Researchers over at Google’s DeepMind AI division have unveiled an algorithm that has not only taught itself to play 49 different Atari video games, but has also managed to find out optimal strategy to win at a particular game.
Published in journal Nature, DeepMind’s Q-network (DQN) algorithm is able to play 49 computer games originally designed for the Atari 2600 including Breakout, River Raid, Boxing, and Enduro. DQN is not only comfortable playing them, but has also managed to beat human players in quite a few of them.
“This… is the first time that anyone has built a single general learning system that can learn directly from experience to master a wide range of challenging tasks,” said co-developer Demis Hassabis.
The researcher added that this particular achievement brings them close to a future run by smart, general-purpose robots which are able to teach themselves how to perform a particular task, store a “memory” of trial and error and adapt their actions for a better outcome next time around.
The team added that DQN powered machines, in future, may be able to perform highly complex tasks including driving cars, planning holidays and even scientific research.
The team decided to test their algorithm with minimal programming on an Atari game console from the 1980s. The only information they fed was the pixels on the screen, game score with a goal that it has to maximise the score it can achieve.

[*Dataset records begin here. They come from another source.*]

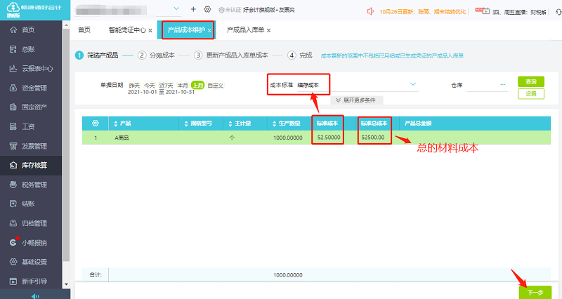 ①点击【库存核算】-【产成品维护】,选择好日期以及产成品;
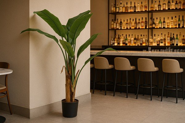 Η τεχνητή μπανανιά με τα πυκνά και πλούσια πράσινα φύλλα της, θα δώσει μια αίσθηση τροπικού κλίματος στον χώρο που θα επιλέξετε να την τοποθετήσετε.
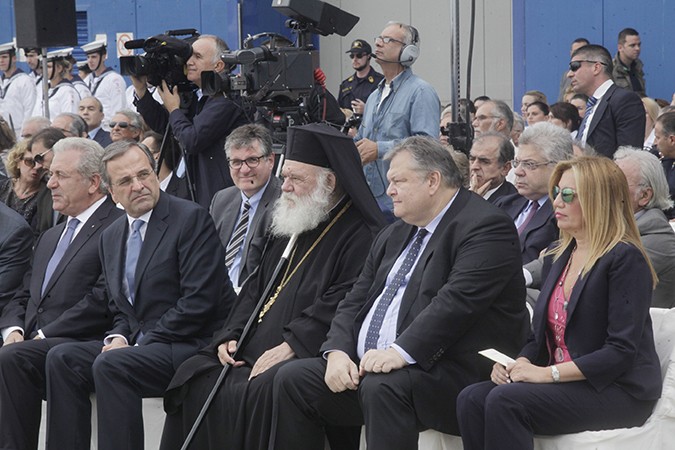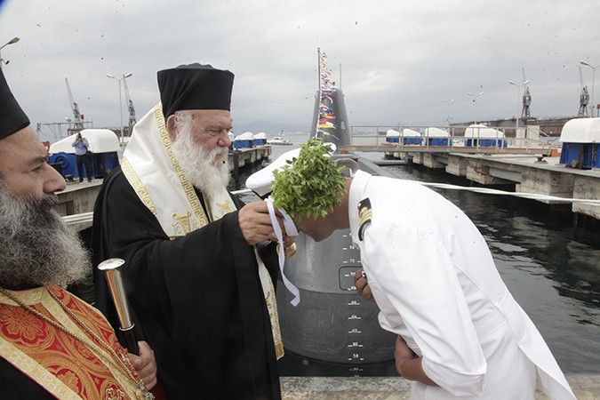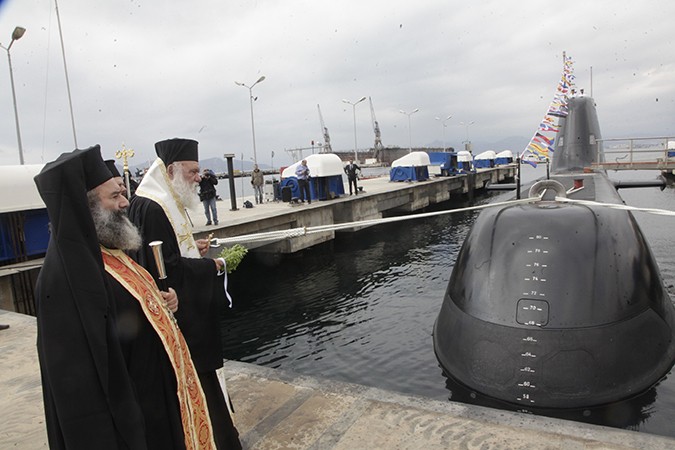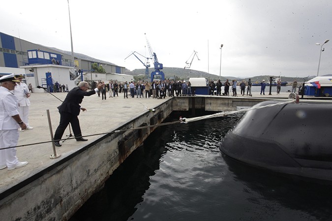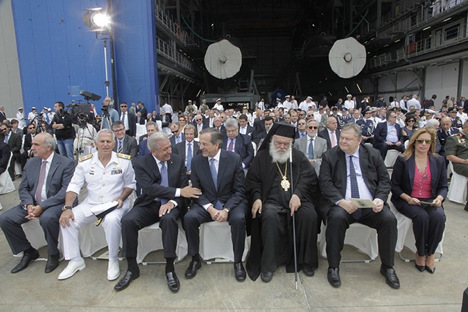 The launching and naming ceremony of “Pipinos” submarine took place on Monday at the premises of the Hellenic Shipyard at Skaramanga, Attica, in the presence of Prime Minister Antonis Samaras, Deputy Prime Minister Evangelos Venizelos and many other important political personalities, including Minister of National Defence Dimitris Avramopoulos, Minister of Shipping Miltiadis Varvitsiotis, Speaker of the Hellenic Parliament Evangelos Meimarakis, Public Order Minister Vassilis Kikilias, Alternate Minister of National Defense Fofi Gennimata and Archbishop Ieronymos.
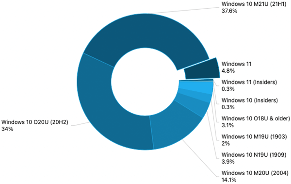 Windows11安装率激增 已在超过5%受访PC上运行,微软正式发布Windows 11已经快一个月了,新的操作系统已经在AdDuplex十月份调查的PC上运行了超过5%。更准确地说,在该公司调查的6万台电脑中,有4.8%运行的是Windows 11的生产版本,有0.3%的用户还在运行Windows 11的内测版本。
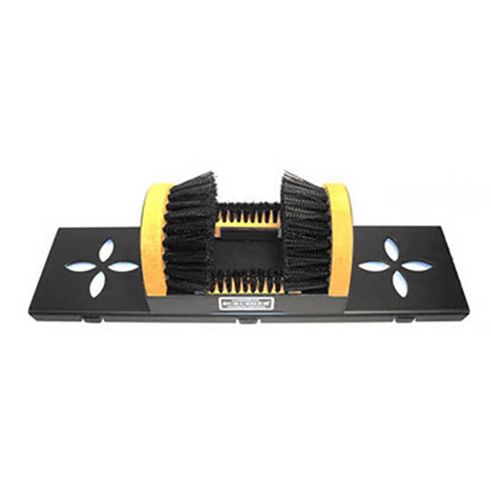This portable steel base is for the Original Scrusher®. It keeps the Scrusher Boot Cleaner in place when cleaning footwear. It is easily picked up and used anywhere.
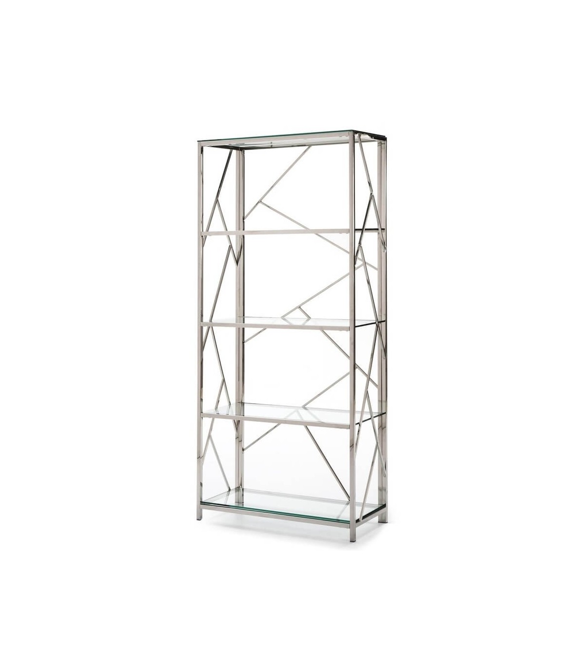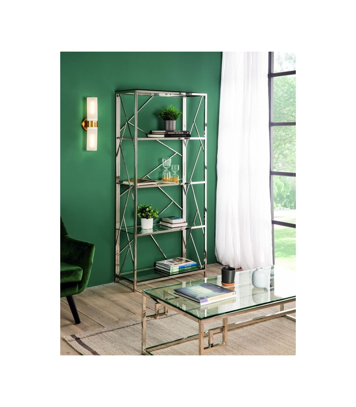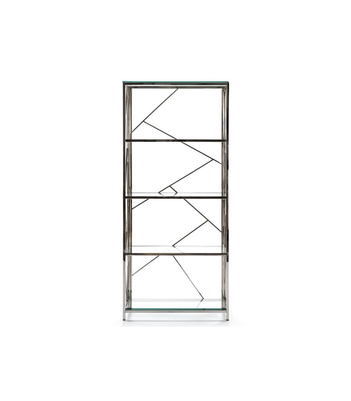 Librería de nuestra colección Steel, una colección que se caracteriza por sus estructuras en acero inoxidable cromadas y el cristal, una colección de muebles auxiliares atemporal, un acierto para cualquier decoración de estilo contemporáneo.
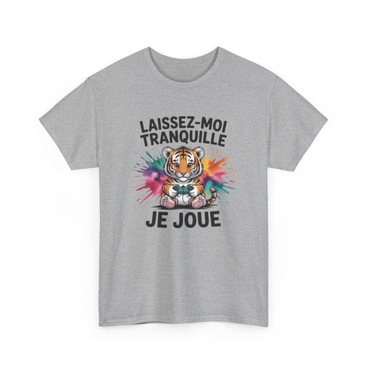 T-shirt Tigre Gamer Unisexe Tee-shirt Motif Coloré avec Manette Laissez-moi Tranquille Je Joue Blanc & Gris Coton S-3XL
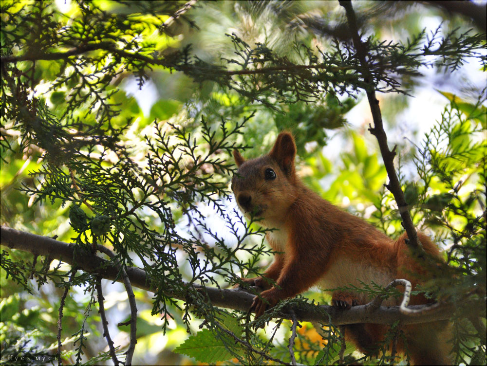 забравшись повыше, она увлеченно поедала тую, отчищая её как банан :)
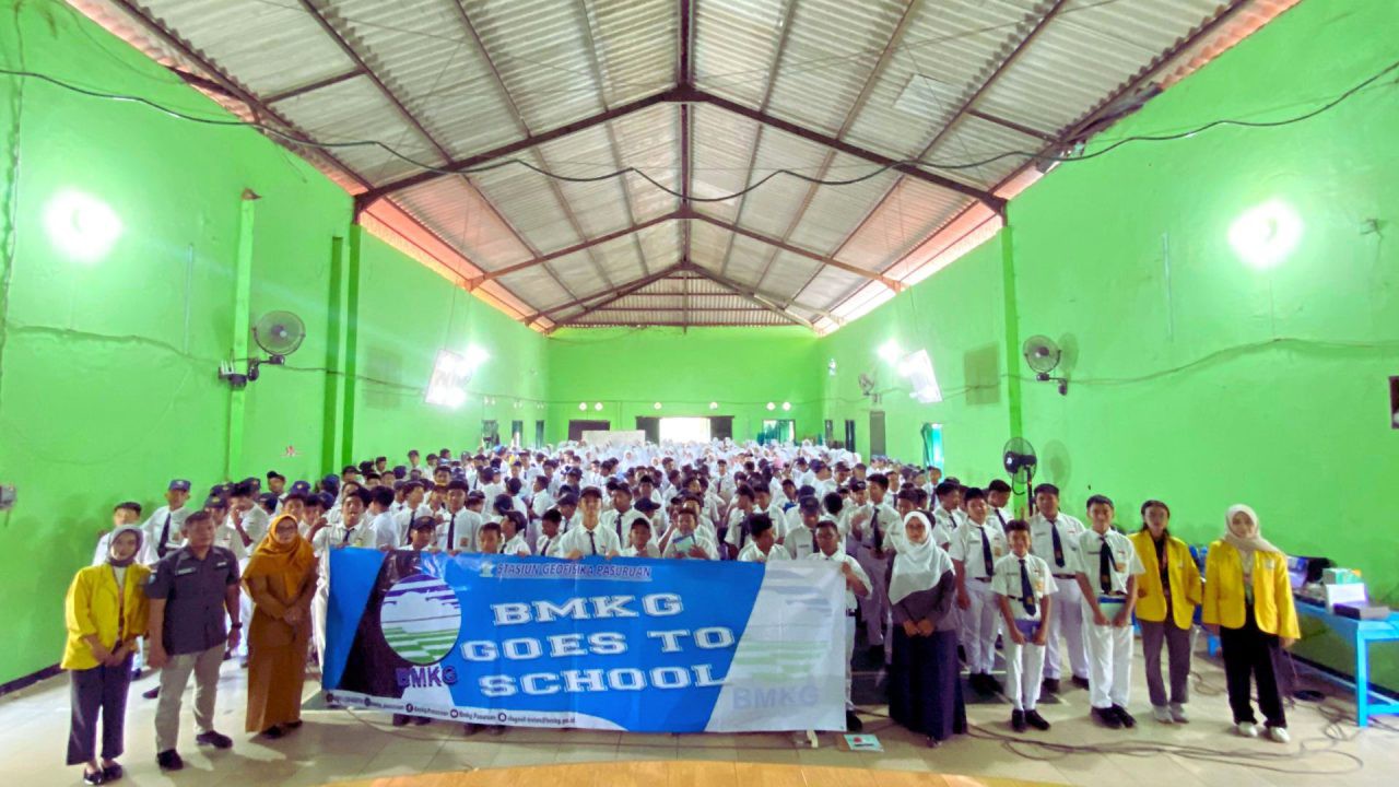Pasuruan, 4 Nopember 2024 – Stasiun Geofisika Pasuruan mengadakan kegiatan BMKG Goes to School dalam rangka memberikan literasi mitigasi gempabumi tsunami dan cuaca di SMP Negeri 1 Sukorejo – Pasuruan, Jawa Timur. Kegiatan ini menjadi ajang pembelajaran langsung bagi para siswa/i karena bisa bertemu dengan tim dari stasiun Geofisika Pasuruan dan bertanya terkait tugas dan fungsi BMKG khususnya dalam diseminasi informasi cuaca, iklim dan gempa bumi.

“Apart from that, they have no idea about what kind of game they are playing, what their controls do, what they’re even controlling in the game”, Hassabis added.
Without any previous experience, the DQN algorithm driven system was presented with an on-screen paddle and ball just like a human player would be. The system learns by activating computer keys randomly until it starts scoring through trial and error.
“The system kind of learns, adapts and gets better and better incrementally until eventually it becomes almost perfect on some of the games,” said Hassabis.
The team said that DQN managed to outperform professional human players in quite a few games. However, DQN isn’t at its best as it fared quite poorly in some including Pac-Man.
DeepMind’s Vlad Mnih said, “it’s very difficult to get your first points or first rewards, so if the game involves solving a maze then pressing keys randomly will not actually get you any points and then the system has nothing to learn from.”
Learning the unexpected
Beyond excelling at just playing the games and beating human players, DQN managed to figured out an optimal strategy in Breakout. It managed to define a strategy that involved digging a tunnel through one side of the wall and send the ball in to bounce behind it, breaking the bricks from the back.
Better than IBM’s Watson
DQN’s creators claimed that their system is way ahead of IBM’s Watson and Deep Blue because their system doesn’t rely on pre-programming. Researchers said that Watson and Deep Blue had largely been preprogrammed with their particular abilities.
“Whereas what we’ve done is build algorithms that learn from the ground up, so literally you give them perceptual experience and they learn how to do things directly from that perceptual experience,” Hassabis told journalists.
The main advantage of DQN is that such systems can learn and adapt to unexpected things – scenarios which its creators would haven’t even thought about. Further, creators of such learning systems aren’t required to know the solution themselves for the machine to work.
General purpose machines that are smart and capable at learning for themselves is the ultimate goal of the research, the researchers said. “We are many decades off from doing that. But I do think that this is the first significant rung of the ladder that we’re on”, Hassabis said.